According to the present embodiment, it can be seen that the same effect as that of the first embodiment can be obtained, and that the present embodiment can also be applied to an event related to an electrically operated operating unit.

(Effects common to each embodiment)
Subsequently, the effects common to the embodiments will be described.
The functional safety system of at least the embodiment is a design support system of a control system for operating at least a part of the vehicle in response to the operation of the driver of the vehicle or the instruction of the command center of the vehicle. The vehicle has a plurality of operating units and a control system for controlling the plurality of operating units, and any of the plurality of operating units can be operated by the driver or said. It is set to operate based on the instructions of the command center, and the control system is a plurality of functional units relating to at least the arbitrary operating unit, and a plurality of functions having a serial relationship with respect to the operation of the operating unit. The plurality of functional units have a unit, and the plurality of functional units are a first functional unit that is a signal sending side for operating the operating unit and a first functional unit that is a receiving side of the signal among the plurality of functional units. The design support system includes two functional units, and the design support system includes an acquisition unit that acquires a verification result regarding a signal supplied from the first functional unit to the second functional unit, and the first functional unit. Whether or not the first verification result of the first function unit side regarding the signal supplied to the second function unit is input, and whether or not the second verification result of the second function unit side is input regarding the signal. It is provided with a notification unit capable of notifying at least one of the above. As a result, in addition to the above-mentioned effects, the following effects are further exerted.

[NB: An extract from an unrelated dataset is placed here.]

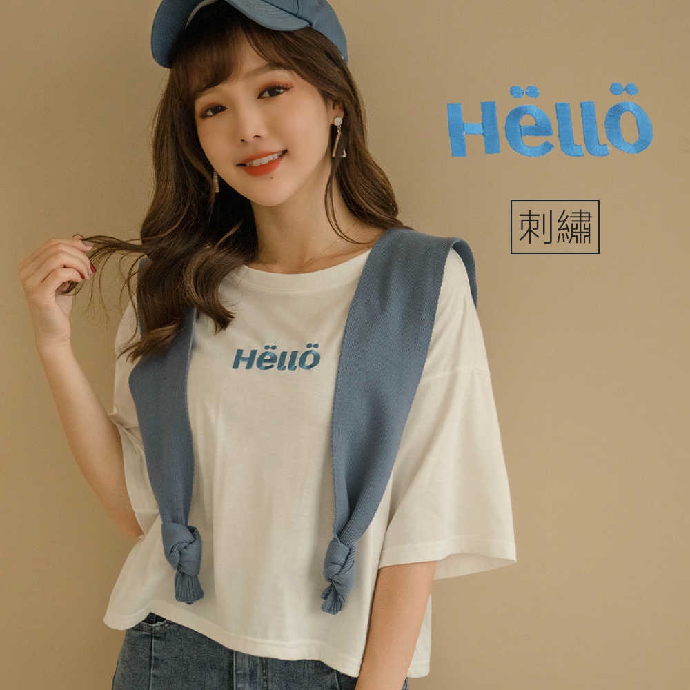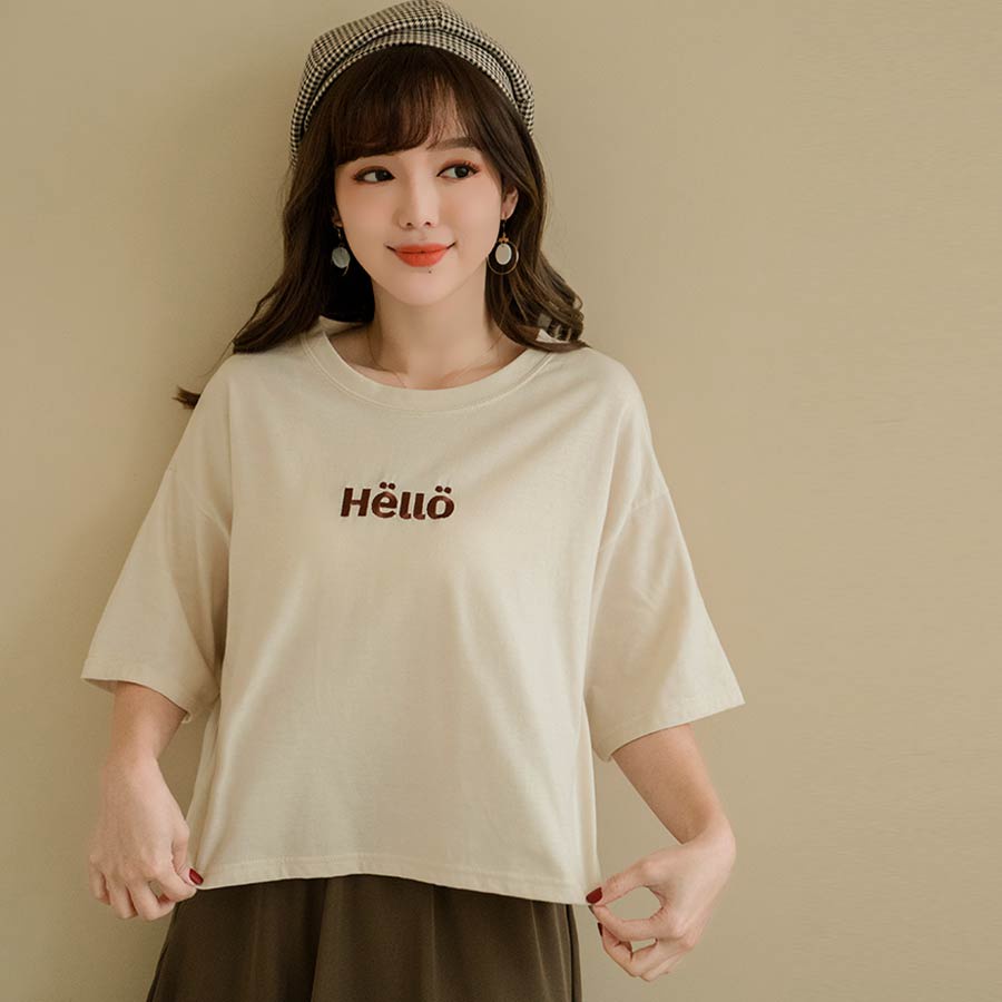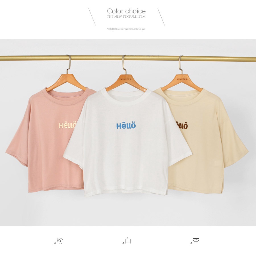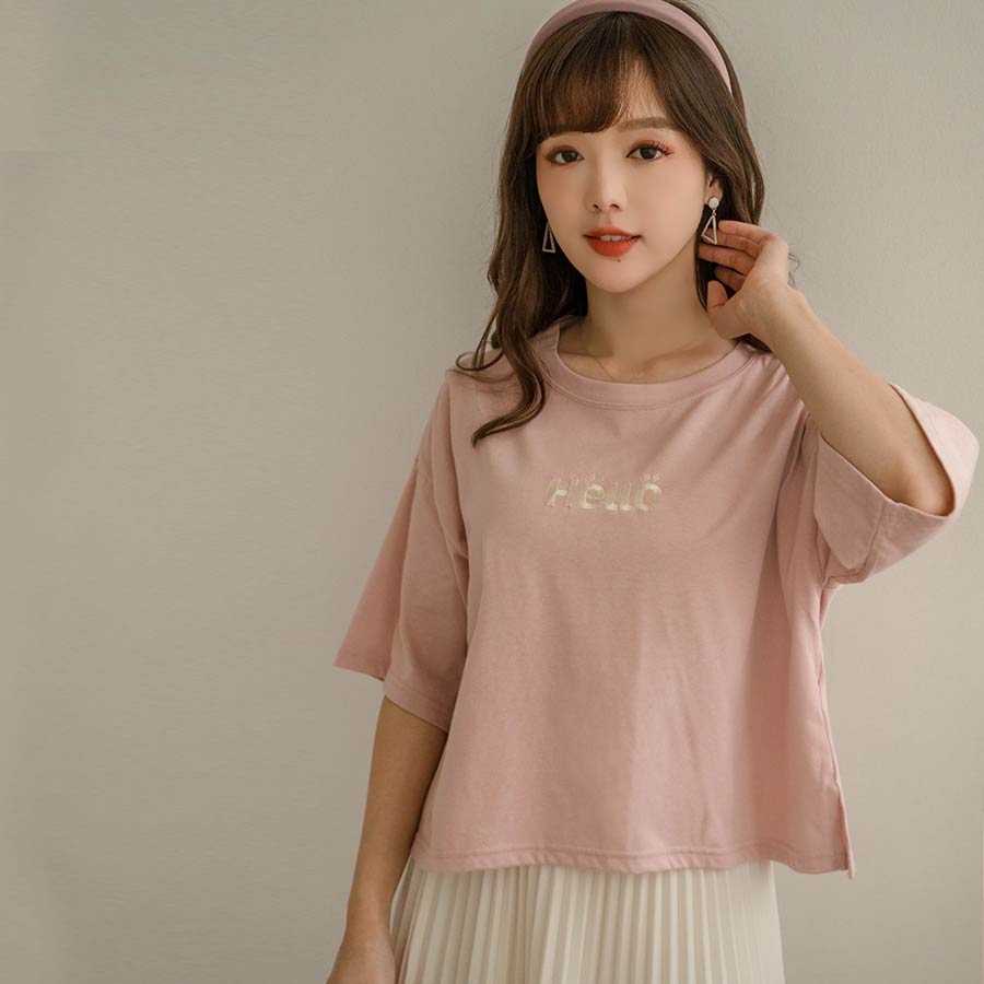 MIUSTAR 正韓.側開岔HELLO可愛刺繡寬版上衣(共3色)0227 預購【NL3464RE】白F|杏F|粉FT-shirtsMIUSTAR

-Reduction of unnecessary man-hours in the development stage The international standard related to this embodiment stipulates the application of the development process of the waterfall type V-shaped model. According to the international standard, after the PART3 concept design is carried out, the PART4 system level development is started.
By applying this embodiment at the stage of designing the PART3 concept, the allocation of functional safety functions will be clarified by the time the development of the PART4 system level is started. As a result, it is possible to prevent rework due to incomplete allocation of functions after entering the stage of development at the PART4 system level.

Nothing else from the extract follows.